# Building a RAG chat assistant

This notebook develops the concept for a chat assistant that can give feedback on espresso-related questions, using the guidelines from [Espresso Aficionados website](https://espressoaf.com) as context.

The idea is to refer to the properties of an espresso saved by the user, hence this is also integrated as an input to the prompt that will be sent to the LLM.

Models from Google AI Studio will be used: to export the Google API Key, which is stored in the .env file, load the environment variables:

In [None]:
from dotenv import load_dotenv

load_dotenv()

True

## Indexing and storing context documents

Unless or until the documents need to be updated, this can be done just once to save a persistent database.

Use the gemini embeddings:

In [None]:
from langchain_google_genai import GoogleGenerativeAIEmbeddings

gemini_embeddings = GoogleGenerativeAIEmbeddings(model = "models/gemini-embedding-001")

Create a Chroma vector database with persistent data written to the same directory:

In [10]:
import chromadb
from langchain_chroma import Chroma

chroma_client = chromadb.PersistentClient(path = "chroma_db")
chroma_vector_store = Chroma(
    client = chroma_client,
    collection_name = "espresso_aficionados",
    embedding_function = gemini_embeddings
)

Get the relevant webpages, keeping only the main content, which is marked by the `<main>` tag.

In [14]:
import bs4

bs_main_content = bs4.SoupStrainer("main")

from langchain_community.document_loaders import WebBaseLoader

loader_espresso_aficionados = WebBaseLoader(
    web_paths = (
        "https://espressoaf.com/guides/beginner.html", 
        "https://espressoaf.com/guides/puckprep.html", 
        "https://espressoaf.com/guides/profiling.html", 
        "https://espressoaf.com/guides/water.html", 
        "https://espressoaf.com/guides/preferential-extraction.html", 
        "https://espressoaf.com/info/Glossary.html", 
        "https://espressoaf.com/info/flow_and_pressure.html", 
        "https://espressoaf.com/info/extraction_evenness_theory.html"
    ), 
    bs_kwargs = {"parse_only": bs_main_content}
)

docs_espresso_aficionados = loader_espresso_aficionados.load()

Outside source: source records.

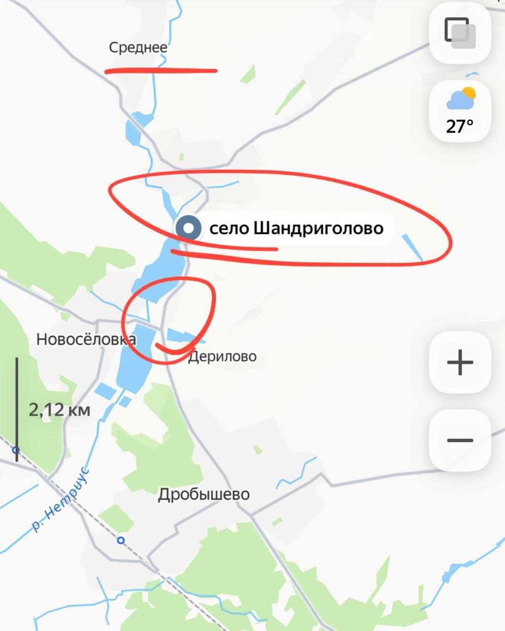 По оперативным сведениям наши войска продвинулись к южным окраинам Шандриголово, выйдя к переправе на Новосёловку. Параллельно с этим наши подразделения ведут бои в центральной части села Среднее. Тем самым Шандриголово, лежащее на берегу реки Нитриус, окружается и отрезается от снабжения. Однако без закрепления в Среднем и освобождения Дерилово говорить о полном окружении Шандриголово рано, пишет Телеграм-канал «Шторм».
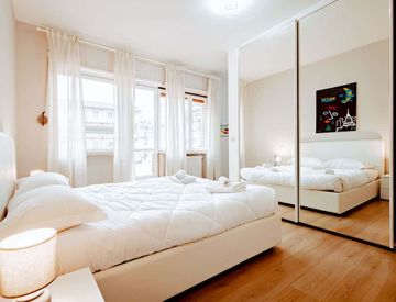 Renovated Studio located at 5 min walk to Piazza Castello, complete with bed, desk, chairs, lights and wardrobe. Kitchen equipped with pots, plates, glasses, cutlery, oven, induction hob. Bathroom with shower and washing machine. Large living area for 2-4 people complete with tables and chairs. Central heating, concierge service 8.30-12.30 / 14.30-18.30.
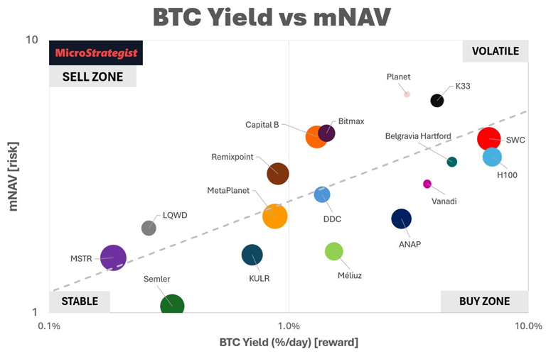 Many see the multiple of net asset value (mNAV) as simply a sentiment measure, but it’s closely correlated with BTC Yield. The relationship isn’t a 1:1, but companies with higher BTC Yield tend to have higher mNAV.
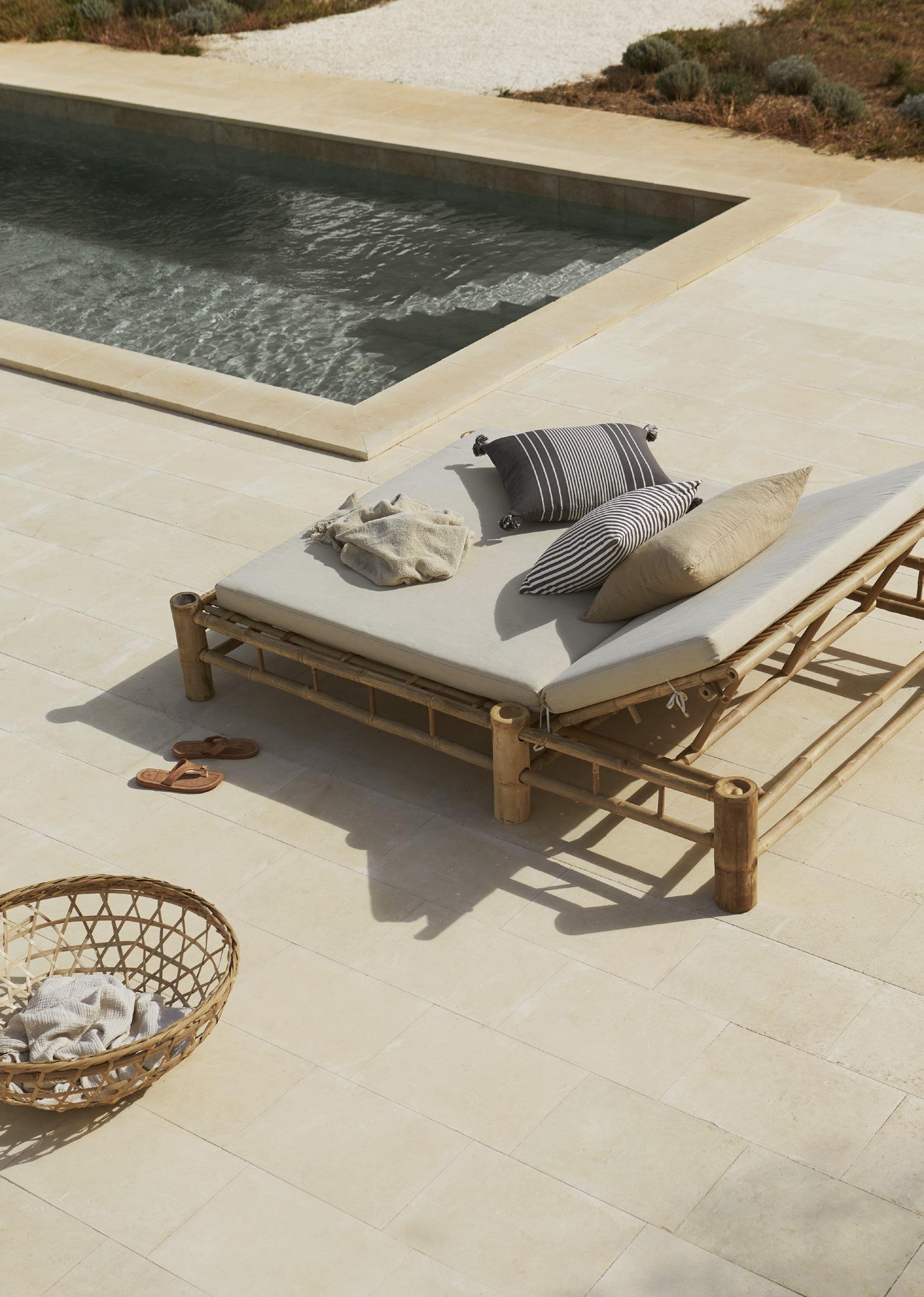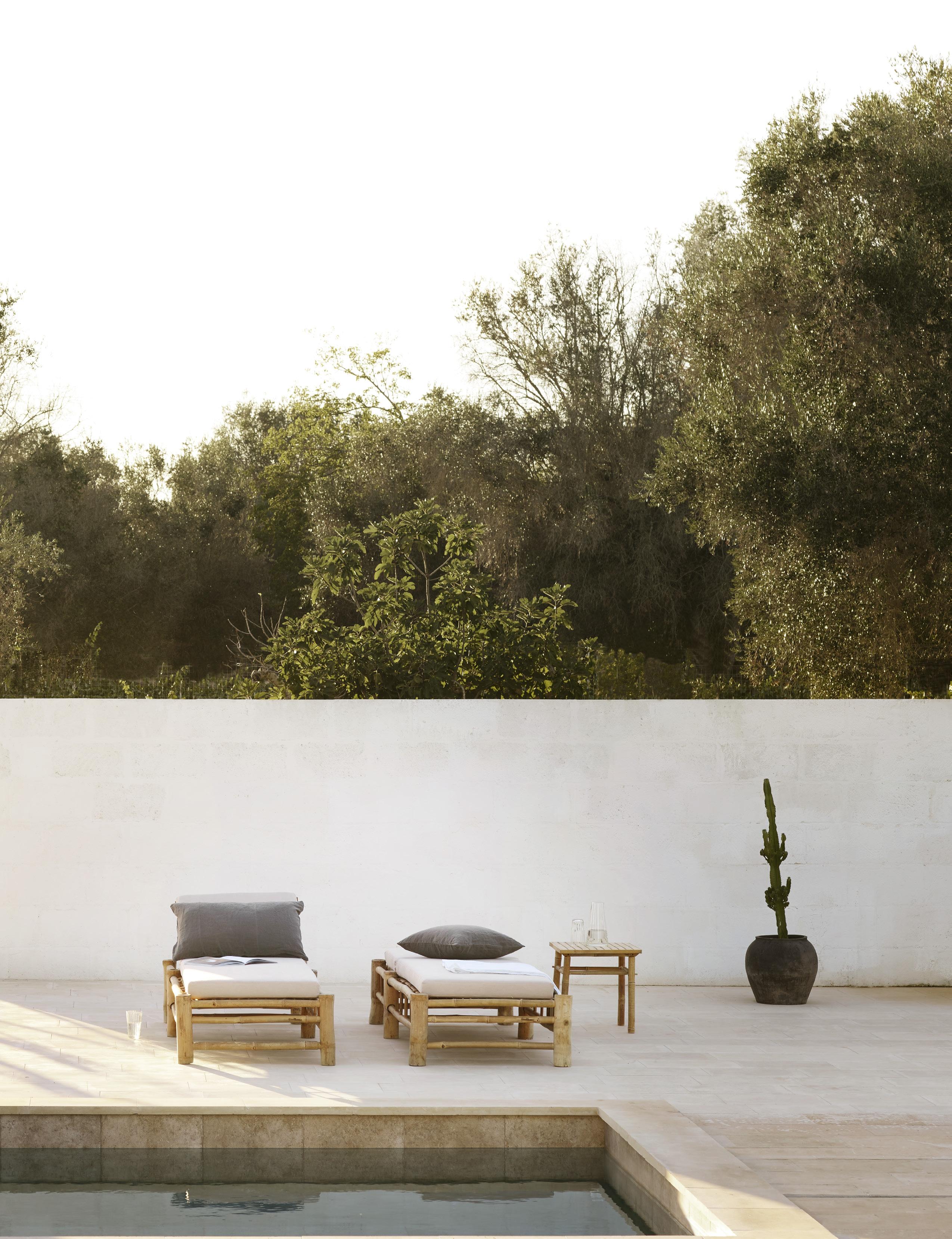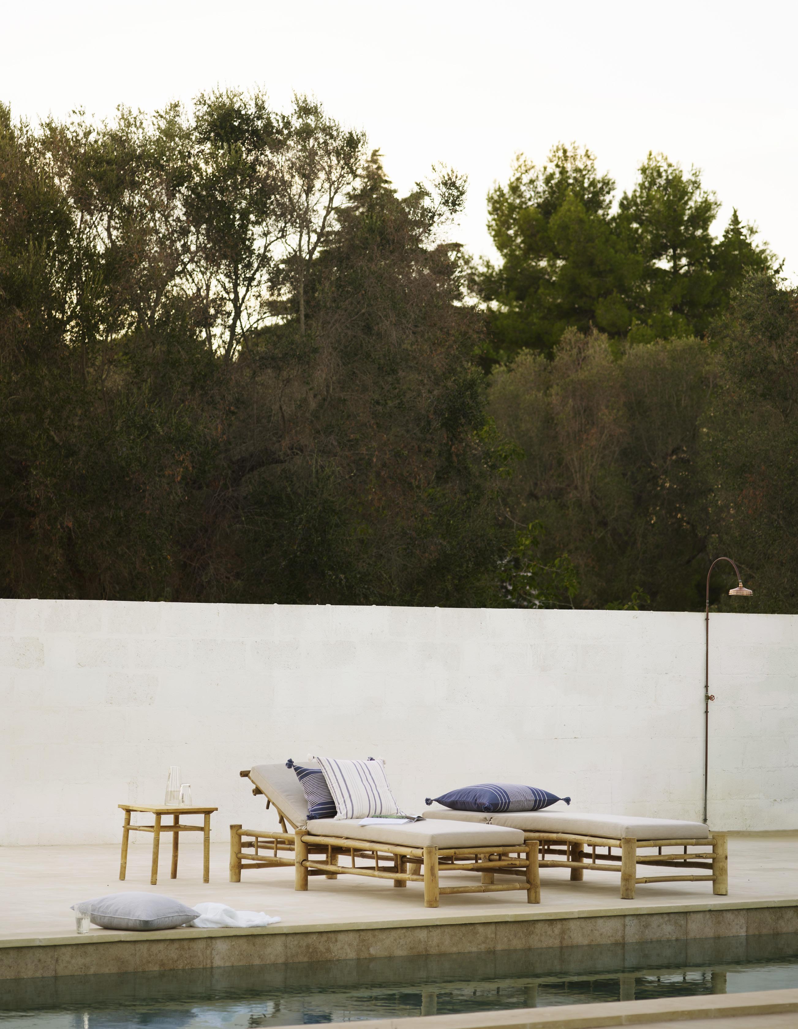 Bamboo sunbed w. seat cushion in cotton 80 x 210 x H 43 cm 2800-380 | 3360-455 | 7000-2

Split the page content into smaller chunks that can will comfortable fit into the LLM context window:

In [25]:
from langchain.text_splitter import RecursiveCharacterTextSplitter

text_splitter = RecursiveCharacterTextSplitter(
    chunk_size = 500,
    chunk_overlap = 100,
    add_start_index = True
)

split_text_espresso_aficionados = text_splitter.split_documents(docs_espresso_aficionados)

Develop a procedure to add the split documents to the vector database in batches, so that Google API's rate limits for the embedding model are not exceeded (the limit is 100 requests per minute; to be on the safe side, we send 80 requests every 70 seconds):

In [None]:
from uuid import uuid4
from time import sleep

def add_documents_to_chroma_through_gemini(
        documents = split_text_espresso_aficionados, 
        vector_store = chroma_vector_store
    ):

    # determine number of batches
    if len(documents) == 0:
        print("No documents found to be added to vector store.")
        return
    elif len(documents) % 80 == 0:
        n_batches = len(documents) // 80
    else:
        n_batches = len(documents) // 80 + 1

    #iterate through batches
    for i in range(n_batches):
        batch = documents[i * 80 : (i + 1) * 80]
        
        # create unique ids for the batch
        uuids_batch = [str(uuid4()) for _ in range(len(batch))]
        
        # add the batch to the vector store, if Google allows it
        try:
            vector_store.add_documents(
                documents = batch,
                ids = uuids_batch
            )
        except Exception as e:
            print(f"Error adding chunk to vector store: {e}")
            raise
        # if no exception was caught, wait for 70 seconds to avoid rate limiting
        else:
            print(f"Added batch {i + 1} of {n_batches} to vector store.")
            sleep(70) 
            

Add the embeddings to the database with the function defined above:

In [32]:
add_documents_to_chroma_through_gemini(
    documents = split_text_espresso_aficionados,
    vector_store = chroma_vector_store
)

Added batch 1 of 4 to vector store.
Added batch 2 of 4 to vector store.
Added batch 3 of 4 to vector store.
Added batch 4 of 4 to vector store.


## Retrieving context and generating response

Initialise the model:

In [None]:
from langchain.chat_models import init_chat_model

gemini_flash_llm = init_chat_model("gemini-2.5-flash", model_provider = "google_genai")

Prompt engineering:

In [None]:
from langchain_core.prompts import PromptTemplate

prompt_template = """
    You are an expert in espresso preparation and extraction. 
    You have access to the following guideline that contain relevant information about espresso preparation. \n
    Guidelines : {context}
    The user will ask you a question about an espresso with the following properties: \n
    Espresso properties : {data}
    Please answer the question at the end based on the provided context and data. 
    If you don't know the answer, just say that you don't know.
    Use three sentences maximum and keep the answer concise. \n
    Question : {question}
    Answer :
"""

prompt = PromptTemplate.from_template(prompt_template)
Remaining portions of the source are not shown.